• What you have to do: The result should be a word-for-word retyping of the entries below, free of pictures.

• Exercise materials:
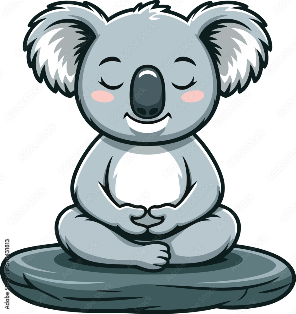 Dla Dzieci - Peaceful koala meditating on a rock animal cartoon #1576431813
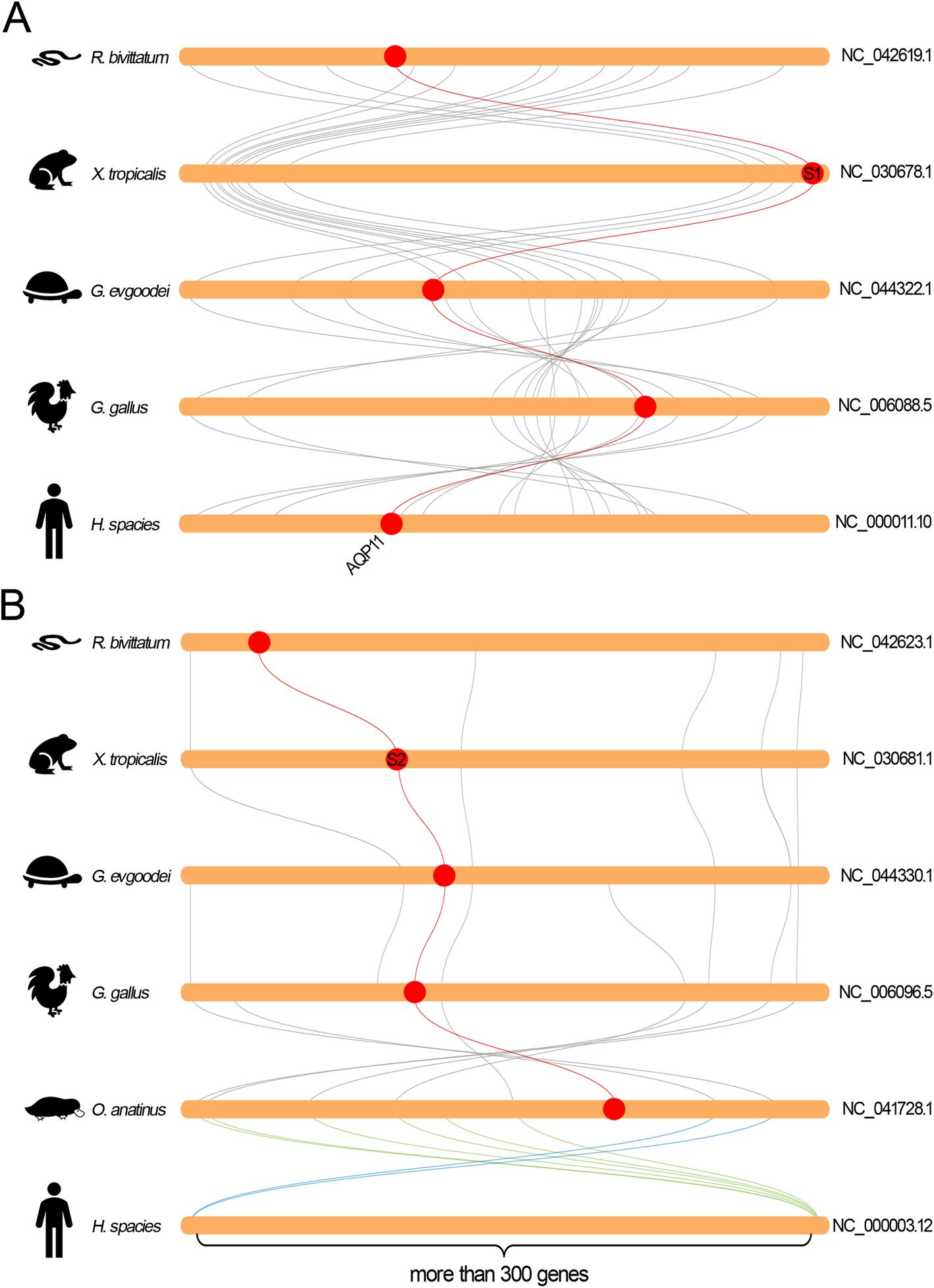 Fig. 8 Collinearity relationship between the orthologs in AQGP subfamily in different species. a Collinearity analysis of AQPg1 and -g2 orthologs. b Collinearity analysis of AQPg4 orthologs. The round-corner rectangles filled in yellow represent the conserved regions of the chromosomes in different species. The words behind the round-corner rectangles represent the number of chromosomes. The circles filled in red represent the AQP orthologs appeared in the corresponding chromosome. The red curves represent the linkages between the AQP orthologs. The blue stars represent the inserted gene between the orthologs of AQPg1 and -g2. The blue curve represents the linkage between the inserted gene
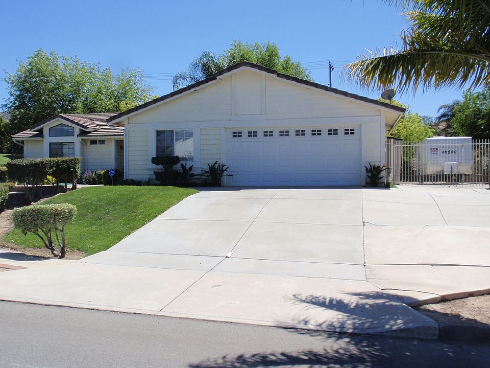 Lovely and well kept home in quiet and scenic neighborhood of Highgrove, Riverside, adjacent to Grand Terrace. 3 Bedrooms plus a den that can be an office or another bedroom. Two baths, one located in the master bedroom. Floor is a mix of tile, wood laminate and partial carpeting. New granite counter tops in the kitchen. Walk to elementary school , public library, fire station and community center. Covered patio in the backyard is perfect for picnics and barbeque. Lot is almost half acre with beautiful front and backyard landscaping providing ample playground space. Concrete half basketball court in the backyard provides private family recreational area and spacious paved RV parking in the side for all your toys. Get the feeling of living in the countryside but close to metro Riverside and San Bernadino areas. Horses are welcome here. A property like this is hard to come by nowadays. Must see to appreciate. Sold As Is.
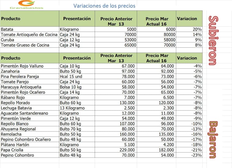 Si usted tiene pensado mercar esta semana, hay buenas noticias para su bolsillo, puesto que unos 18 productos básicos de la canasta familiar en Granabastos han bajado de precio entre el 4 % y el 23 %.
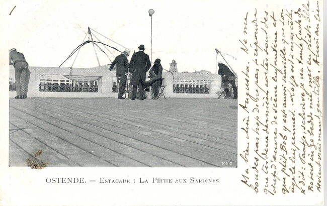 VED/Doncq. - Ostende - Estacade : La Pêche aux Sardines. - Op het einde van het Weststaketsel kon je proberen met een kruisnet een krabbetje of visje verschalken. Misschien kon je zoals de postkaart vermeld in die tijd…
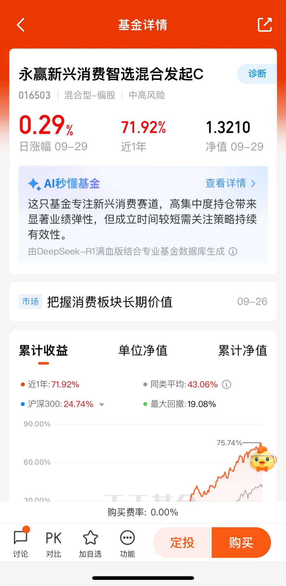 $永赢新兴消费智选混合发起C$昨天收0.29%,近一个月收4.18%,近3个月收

• Output of the exercise:
 Dla Dzieci - Peaceful koala meditating on a rock animal cartoon #1576431813
 Fig. 8 Collinearity relationship between the orthologs in AQGP subfamily in different species. a Collinearity analysis of AQPg1 and -g2 orthologs. b Collinearity analysis of AQPg4 orthologs. The round-corner rectangles filled in yellow represent the conserved regions of the chromosomes in different species. The words behind the round-corner rectangles represent the number of chromosomes. The circles filled in red represent the AQP orthologs appeared in the corresponding chromosome. The red curves represent the linkages between the AQP orthologs. The blue stars represent the inserted gene between the orthologs of AQPg1 and -g2. The blue curve represents the linkage between the inserted gene
 Lovely and well kept home in quiet and scenic neighborhood of Highgrove, Riverside, adjacent to Grand Terrace. 3 Bedrooms plus a den that can be an office or another bedroom. Two baths, one located in the master bedroom. Floor is a mix of tile, wood laminate and partial carpeting. New granite counter tops in the kitchen. Walk to elementary school , public library, fire station and community center. Covered patio in the backyard is perfect for picnics and barbeque. Lot is almost half acre with beautiful front and backyard landscaping providing ample playground space. Concrete half basketball court in the backyard provides private family recreational area and spacious paved RV parking in the side for all your toys. Get the feeling of living in the countryside but close to metro Riverside and San Bernadino areas. Horses are welcome here. A property like this is hard to come by nowadays. Must see to appreciate. Sold As Is.
 Si usted tiene pensado mercar esta semana, hay buenas noticias para su bolsillo, puesto que unos 18 productos básicos de la canasta familiar en Granabastos han bajado de precio entre el 4 % y el 23 %.
 VED/Doncq. - Ostende - Estacade : La Pêche aux Sardines. - Op het einde van het Weststaketsel kon je proberen met een kruisnet een krabbetje of visje verschalken. Misschien kon je zoals de postkaart vermeld in die tijd…
 $永赢新兴消费智选混合发起C$昨天收0.29%,近一个月收4.18%,近3个月收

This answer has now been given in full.